ENTRIES SHOWN Block Start
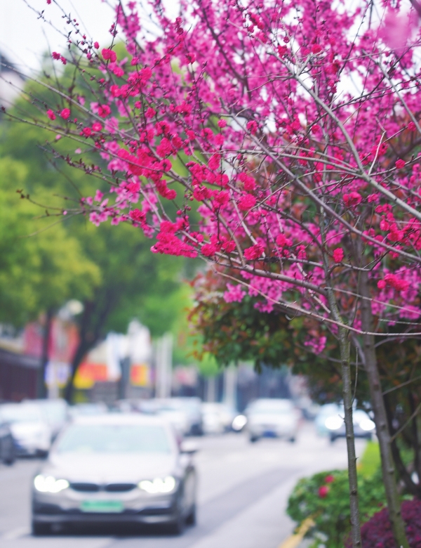3月29日,嘉禾县晋屏大道,3公里长的道路隔离带上,数百株樱花竞相绽放,粉红的花海与街景相得益彰,绘就春日城市美景。
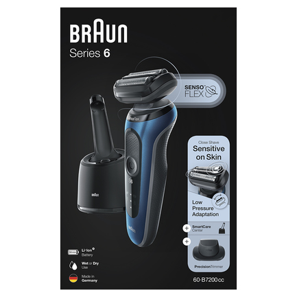 Электробритва Braun 60-B7200CC располагает функцией очистки, которая в автоматическом режиме устранит все накопившиеся волоски. Основу данного прибора составили 3 плавающие головки, следующие за каждым изгибом вашего лица для получения непревзойденного результата. Устройство дополнено несколькими индикаторами, сигнализирующими о необходимости заменить ножи и произвести зарядку аккумулятора.
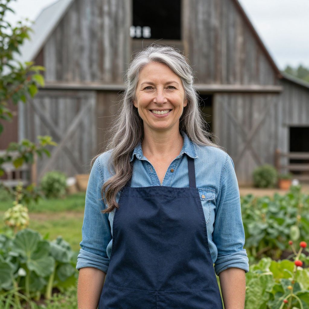Photograph of a smiling Black woman with short curly hair, wearing a blue floral apron over a white shirt, standing in a sunlit, rustic
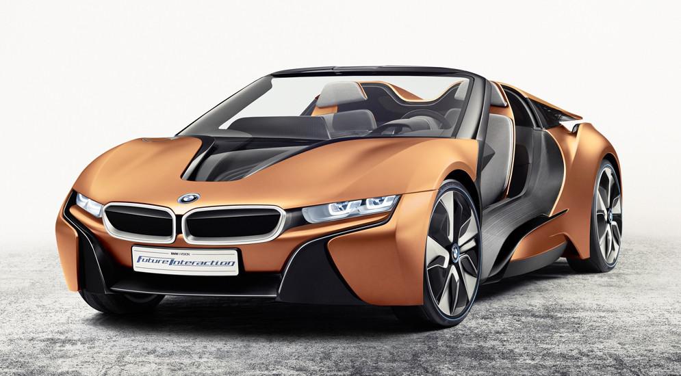 Первый прототип построен на базе концептуального родстера BMW i8 Spyder. Автомобиль оснащен технологией автономного вождения, сенсорным экраном диагональю 21 дюйм и трехмерной системой распознавания жестов AirTouch.Концепт BMW i Vision Future Interaction имеет три режима управления: при активации Pure Drive машиной управляет водитель; включив режим Assist, «пилот» по-прежнему ведёт купе, однако если возникнет потенциальная опасность, то вмешается компьютер; режим Auto Mode – это, по сути, автопилот, активация которого подтверждается синей подсветкой руля.Гигантский дисплей выполняет две функции – приборной панели, если BMW i Vision Future Interaction управляет водитель, и информационно-развлекательного комплекса, когда включен режим автопилота.
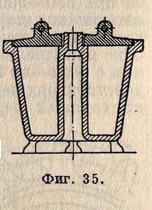 Иногда после нарезки зубцов внешнюю часть колес цементируют и закаливают; для этого зубчатки пакуют стопками в особые горшки (фигура 35), которые помимо экономии в цементирующем порошке дают еще то преимущество, что предохраняют от цементации среднюю часть Колес.
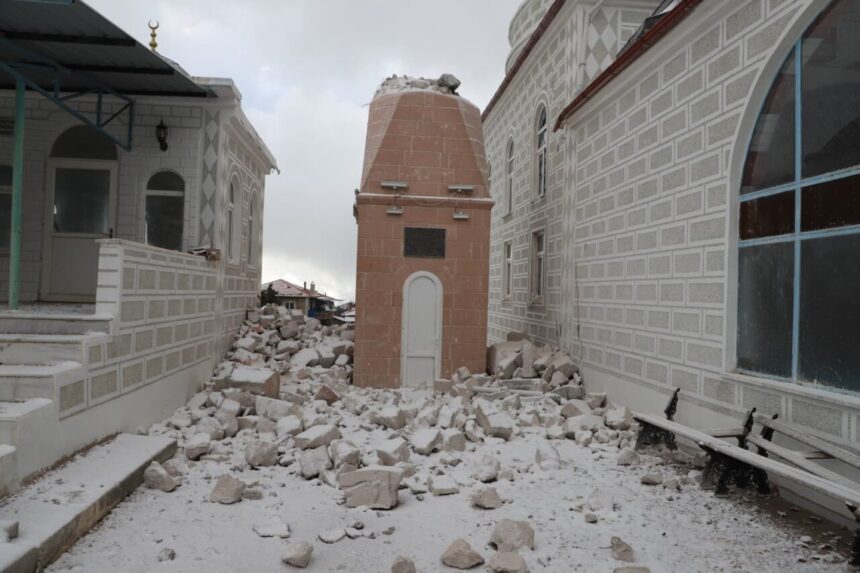 Manisa’nın Selendi ilçesinde şiddetli fırtına nedeniyle iki caminin minaresi yıkıldı
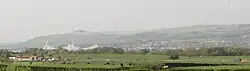 Horwich extends to 3,230 acres (13.1 km2) and measures 3 miles (4.8 km) from north to south and 2 miles (3.2 km) west to east. The River Douglas flowing in a south westerly direction forms part of its northern boundary.[28] The landscape to the north is dominated by Winter Hill, Rivington Pike and the West Pennine Moors. The highest point is 1,475 feet (450 m) on the moors in the north from where the ground slopes down towards the south and west, where the lowest land is about 350 feet (110 m). On Wilders and Horwich Moors the underlying rock is Millstone Grit, and in the intermediate slopes are found the Lower Coal Measures of the Lancashire Coalfield. The Middle Coal Measures are found in the southwest of the township.[7]
ENTRIES SHOWN Block End
PROMPT »
Before you return the listing, strip out its pictures; all else must match exactly.

EXPECTED OUTPUT »
3月29日,嘉禾县晋屏大道,3公里长的道路隔离带上,数百株樱花竞相绽放,粉红的花海与街景相得益彰,绘就春日城市美景。
 Электробритва Braun 60-B7200CC располагает функцией очистки, которая в автоматическом режиме устранит все накопившиеся волоски. Основу данного прибора составили 3 плавающие головки, следующие за каждым изгибом вашего лица для получения непревзойденного результата. Устройство дополнено несколькими индикаторами, сигнализирующими о необходимости заменить ножи и произвести зарядку аккумулятора.
Photograph of a smiling Black woman with short curly hair, wearing a blue floral apron over a white shirt, standing in a sunlit, rustic
 Первый прототип построен на базе концептуального родстера BMW i8 Spyder. Автомобиль оснащен технологией автономного вождения, сенсорным экраном диагональю 21 дюйм и трехмерной системой распознавания жестов AirTouch.Концепт BMW i Vision Future Interaction имеет три режима управления: при активации Pure Drive машиной управляет водитель; включив режим Assist, «пилот» по-прежнему ведёт купе, однако если возникнет потенциальная опасность, то вмешается компьютер; режим Auto Mode – это, по сути, автопилот, активация которого подтверждается синей подсветкой руля.Гигантский дисплей выполняет две функции – приборной панели, если BMW i Vision Future Interaction управляет водитель, и информационно-развлекательного комплекса, когда включен режим автопилота.
 Иногда после нарезки зубцов внешнюю часть колес цементируют и закаливают; для этого зубчатки пакуют стопками в особые горшки (фигура 35), которые помимо экономии в цементирующем порошке дают еще то преимущество, что предохраняют от цементации среднюю часть Колес.
 Manisa’nın Selendi ilçesinde şiddetli fırtına nedeniyle iki caminin minaresi yıkıldı
 Horwich extends to 3,230 acres (13.1 km2) and measures 3 miles (4.8 km) from north to south and 2 miles (3.2 km) west to east. The River Douglas flowing in a south westerly direction forms part of its northern boundary.[28] The landscape to the north is dominated by Winter Hill, Rivington Pike and the West Pennine Moors. The highest point is 1,475 feet (450 m) on the moors in the north from where the ground slopes down towards the south and west, where the lowest land is about 350 feet (110 m). On Wilders and Horwich Moors the underlying rock is Millstone Grit, and in the intermediate slopes are found the Lower Coal Measures of the Lancashire Coalfield. The Middle Coal Measures are found in the southwest of the township.[7]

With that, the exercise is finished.